Questionado sobre se pretendia voltar ao clube que há dois anos presidia, Bruno de Carvalho defendeu que os "sportinguistas deviam pensar muito bem naquilo que aconteceu e solicitar uma Assembleia Geral para o regresso enquanto associado de plenos poderes".
"Depois vamos entrar aqui numas grandes discussões que não vale a pena... se depois eu me posso candidatar ou não, acho que a primeira coisa, se há justiça, era as pessoas admitirem que foi Alcochete que motivou isto e, sendo que saiu uma decisão sobre Alcochete, no mínimo, deviam-me readmitir num clube que eu sempre amei", afirmou.
Sobre uma eventual candidatura a Alvalade, o antigo presidente foi peremptório: "Nunca escondi que acho que fiz um excelente trabalho e nunca escondi que é algo em que eu me considero bom, que gosto muito e que me sinto muito honrado".
"O que é que aconteceu durante a minha direção sem ser Alcochete?"
Bruno de Carvalho, defendendo o trabalho realizado enquanto presidente dos leões, questionou José Alberto Carvalho, "o que é que aconteceu durante a minha direção sem ser Alcochete?" para depois partir para uma descrição daquilo que foi um julgamento precoce na praça pública.
"Ainda não se sabia o que é que tinha acontecido e já estavam as principais figuras do Estado português, que eu achei que também existiam para me proteger a mim enquanto cidadão, a apontar-me o dedo quando eu não fazia a mínima ideia do que tinha acontecido", disse.
O antigo dirigente explicou que não percebe o que é que "ganhava com aquele crime", apontando depois baterias à justiça e à comunicação social devido a "provas que foram feitas e que até ao dia de hoje não foi pedido pelo Ministério Público, nem pelo coletivo de juízes, uma extração de certidão para procedimento criminal, de pessoas que ficou provado que tiveram envolvimento no caso de Alcochete e que podem pressupor outra linha de investigação". "E isto não preciso de ser eu de fazer esta queixa", sublinhou.
"Por exemplo, porque é que [a juíza] Cândida Vilar escondeu, e isto ficou provado, um apenso, o famoso apenso D, da investigação?
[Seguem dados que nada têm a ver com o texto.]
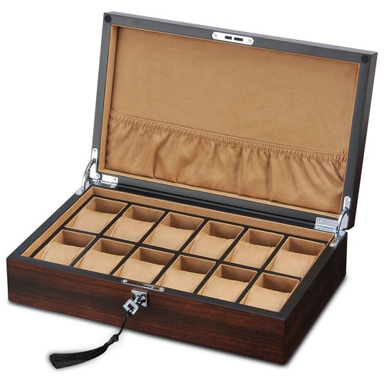 Luxuriöser Uhren- und Schmuck-Organizer aus Holz mit 12 Fächern und Schloss

Os próprios membros da investigação disseram que nunca tinham visto este apenso, e questionados sobre quem é que não lhes tinha feito chegar, foram claríssimos, foi o Ministério Público", afirmou.
"Aconteceram coisas interessantes neste julgamento que ninguém está a falar. Porque é que foi escondido por parte do Ministério Público que um jogador que disse, insistentemente, que não conhecia nenhum dos arguidos, um dos que levou pena efetiva, [e que] afinal tinha ligado e tinha tido contacto com os arguidos. [..] Há uma pessoa que tem mensagens a dizer "saiam, saiam", ficou provado, a pessoa esteve em julgamento, e eu não preciso de ser muito inteligente para dizer que uma pessoa que sabe que tem de escrever saiam, saiam é porque primeiro tiveram de saber que entraram, entraram", continuou.
Voltando a classificar o ataque à Academia como um "crime hediondo", expressão que repetiu várias vezes ao longo da entrevista, Bruno de Carvalho finalizou dizendo: "ainda bem que as pessoas foram condenadas, está tudo perfeito, mas eu acho que as pessoas o que querem fazer é rapidamente se esquecerem, não interessa se eu vou na rua e as pessoas acham que eu sou culpado ou não, não interessa. Acabou o julgamento, já está".
Hoje, o antigo presidente do Sporting foi absolvido da autoria moral da invasão à Academia de Alcochete, considerando “não ter ficado provado que as críticas que fez nas redes sociais tivessem como objetivo incentivar os adeptos” e não ser possível estabelecer uma relação entre afirmações do antigo presidente em diversas reuniões mantidas na véspera do ataque e as agressões.
Além do antigo presidente, destituído do cargo em junho de 2018, foram também absolvidos Bruno Jacinto, e ‘Mustáfa’, que além da autoria moral estava também acusado de tráfico de estupefacientes.
À saída do tribunal de Monsanto, em Lisboa, onde decorreu o processo iniciado em 18 de novembro de 2019, Bruno de Carvalho admitiu que a decisão do coletivo de juízes lhe permite “sair do confinamento” a que esteve sujeito durante dois anos.
"Hoje, foi a assunção de uma coisa que sabia há dois anos”, afirmou, acrescentando: "Agora posso recuperar de um crime violentíssimo de mutilação e assassinato de caráter que foi cometido contra mim. Nenhum cidadão merece passar pelo que eu passei”.